For each line of the data below that holds "explosion", copy the line.

DATA SHOWN =

--

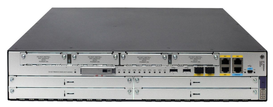
HPE FlexNetwork MSR3044 Router- Front
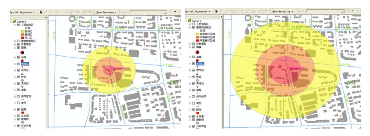
Figure 5.1. Coverage of casualties (left) and coverage of building damaged (right) after explosion

As an example, assume the explosion source total has energy with 10 t TNT. Based on GIS, the coverage of casualties and building damaged are shown in Fig. 5.1 and Fig. 5.2.
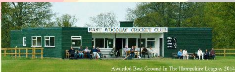
Awarded Best Ground In The Hampshire League, 2014
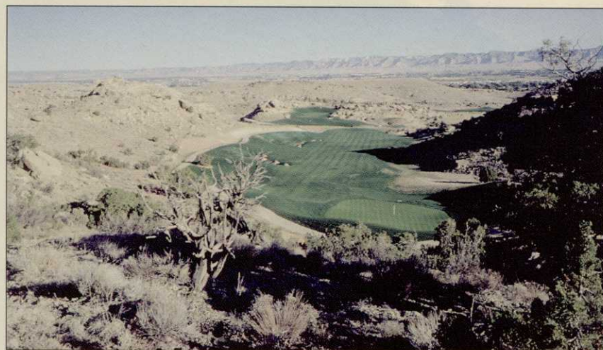
The 18th hole at Redlands Mesa
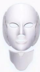
White Remove Freckle
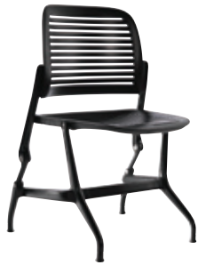
Multi-Use Chair without arms
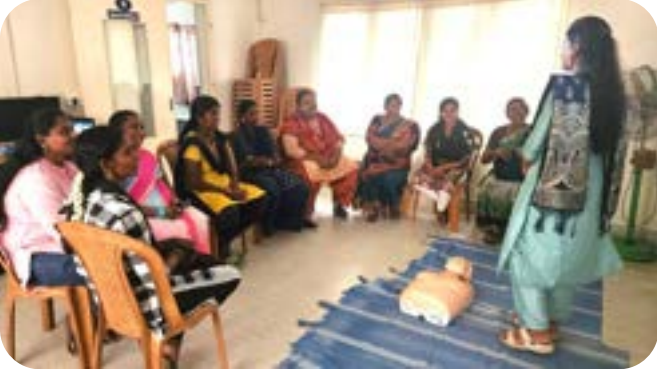
First Aid & CPR training for Driving beneficiaries conducted by TACT, sponsored by Inner Wheel Club of Madras Mid-town
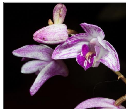
Den. kingianum 'Gotcha' - L & B Dobson
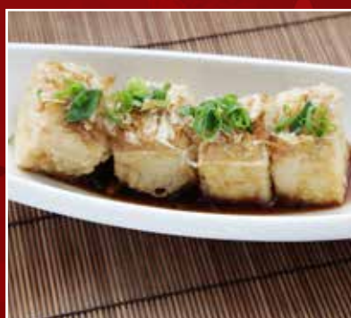
20. Agedashi Tofu (V) $5.50 Fried bean curd with light soya & ginger sauce with bonito flakes on top
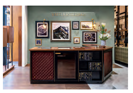
Watchfinder at Bongénie, Geneva

Founded in 2002, Watchfinder buys, services and sells pre-owned watches. It is the recognised leader in this business area. Watchfinder operates both online and through its network of boutiques and showrooms, predominantly in the UK, enabling it to reach customers wherever they are through a fully integrated, omni-channel approach.
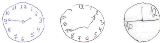
Figure 1. Examples of CDT score in accordance with the specific algorithm method based on Sunderland et al. 10 : 9, 5 and 2 (right to left), respectively.

A summary of the participants’ sociodemographic characteristics, performance on cognitive screening tests, as well as cognitive function and depression scales is given in Table 3. Table 4 shows performance on the CDT.
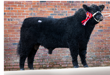
Quattro of Trolosse

40 Bulls & 36 Incalf and Bulling Heifers
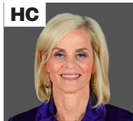
Kim Mulkey Tangipahoa Parish, La.
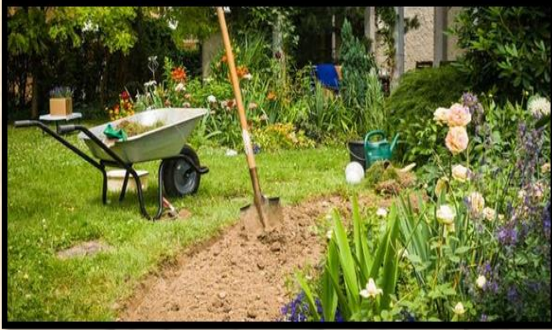
Figure 7. Proper maintenance (URL-6)
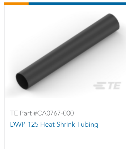
TE Part #CA0767-000 DWP-125 Heat Shrink Tubing
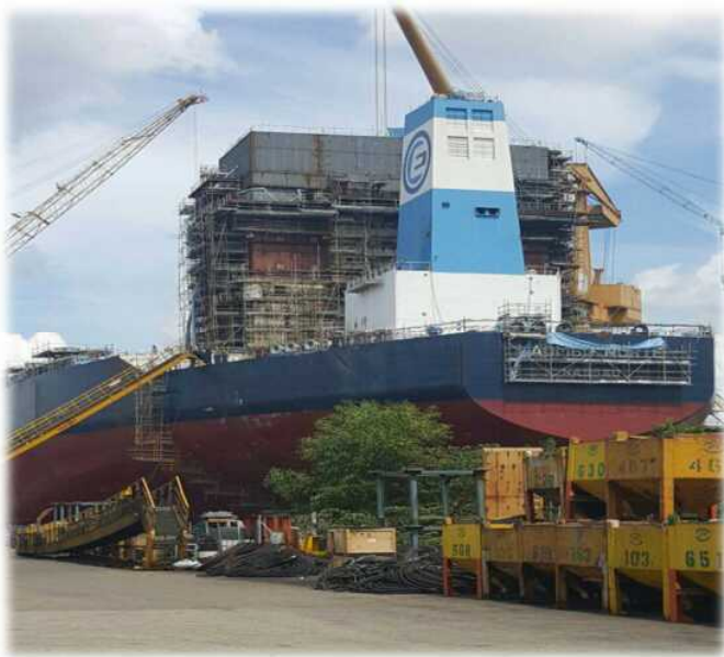
FPSO Kaombo Norte
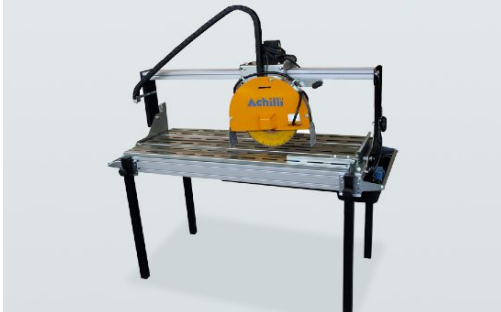
Aluminum bench saw ALU
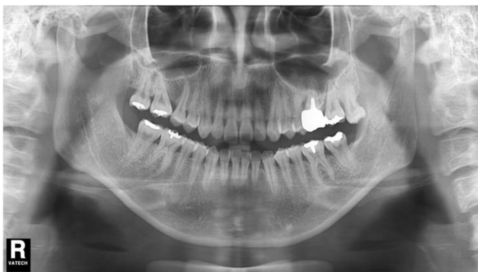
Fig. 2. An example of the image from 'adequate for diagnosis' group.
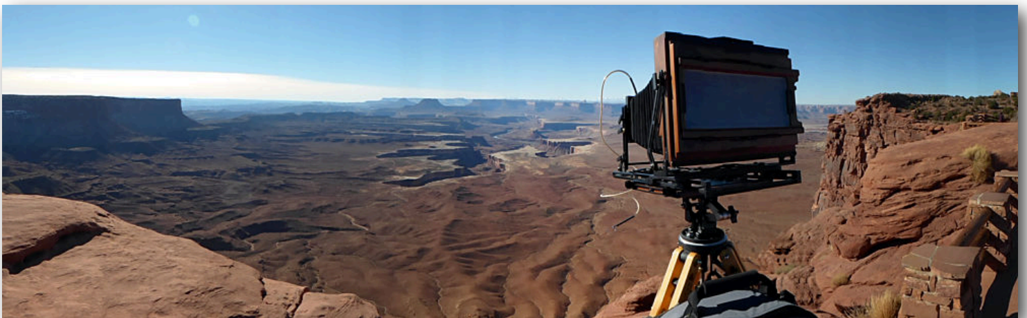
. . . the view!!!
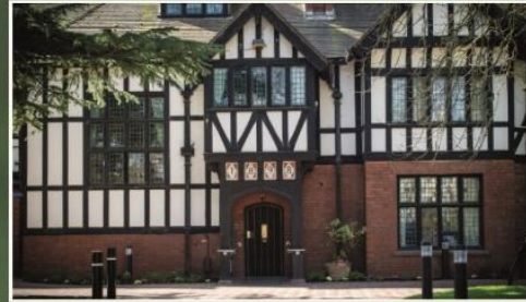
Hampton Grange & Gwen Walford
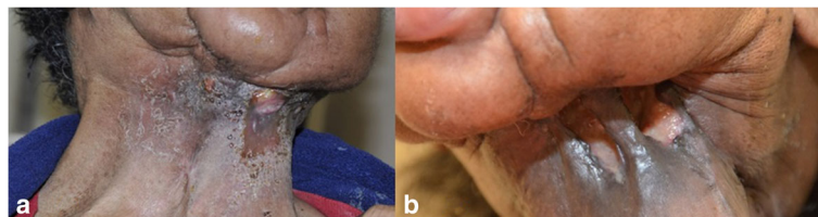
Fig. 2 Appearance of neck mass post pembrolizumab and radiation therapy. a Local control was achieved after 6 cycles of single agent pembrolizumab therapy. b The bleeding mass resolved after radiation therapy

Identifying the most beneficial timing for combined radiotherapy and immunotherapy remains a challenge. If radiation is given prior to, or concurrently with immunotherapy, immunotherapy may be more effective with tumor specific antigens originally generated by radiotherapy. On the other hand, if immunotherapy is
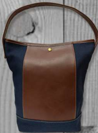
Cart Tote #95390 (7" x 9" x 5.5")
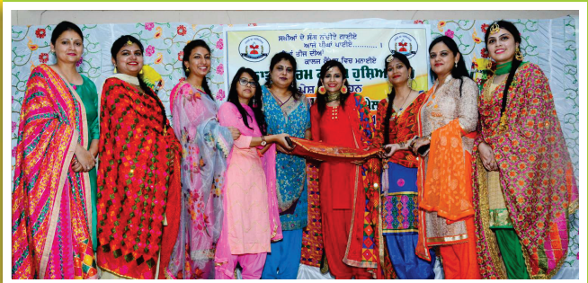
College celebrating Teej Festival
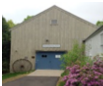
Freedom Historical Society

NON PROFIT U.S. POSTAL PAID FREEDOM, NH 03836 PERMIT NO. 5
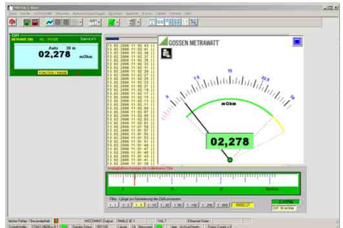
Figure 1: 1-channel display with table, view of measuring mechanism and bargraph with filter function
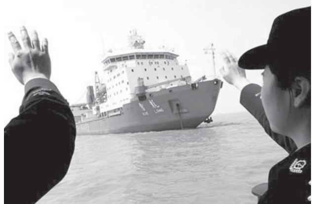
Police officers of the Shanghai Wusong frontier inspection station wait for the arrival of the Chinese Antarctic exploration vessel, "Snow Dragon," in Shanghai, east China, on 9 April, 2009.
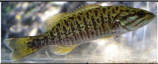
Smallmouth Bass Micropterus dolomieu
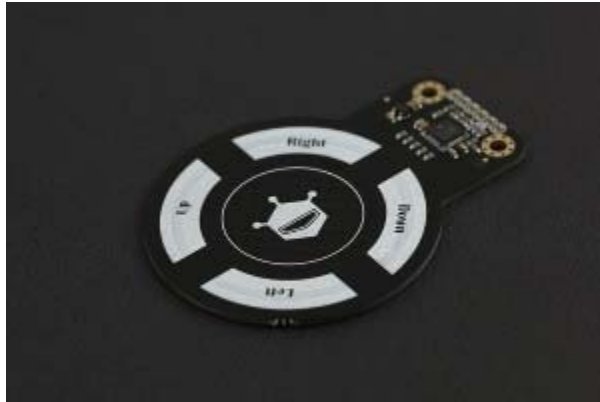
3D Gesture Sensor mini
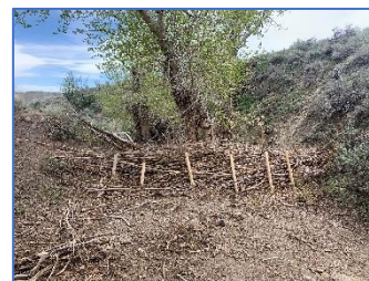
NRCS Beaver Dam Analog Installation
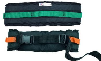
#4200 Large/#4200S Small Beasy Gait Belt
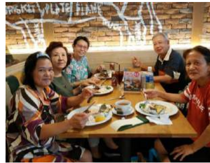
Christmas cum Thanksgiving Celebration

--

OUTPUT BELOW =
Figure 5.1. Coverage of casualties (left) and coverage of building damaged (right) after explosion
As an example, assume the explosion source total has energy with 10 t TNT. Based on GIS, the coverage of casualties and building damaged are shown in Fig. 5.1 and Fig. 5.2.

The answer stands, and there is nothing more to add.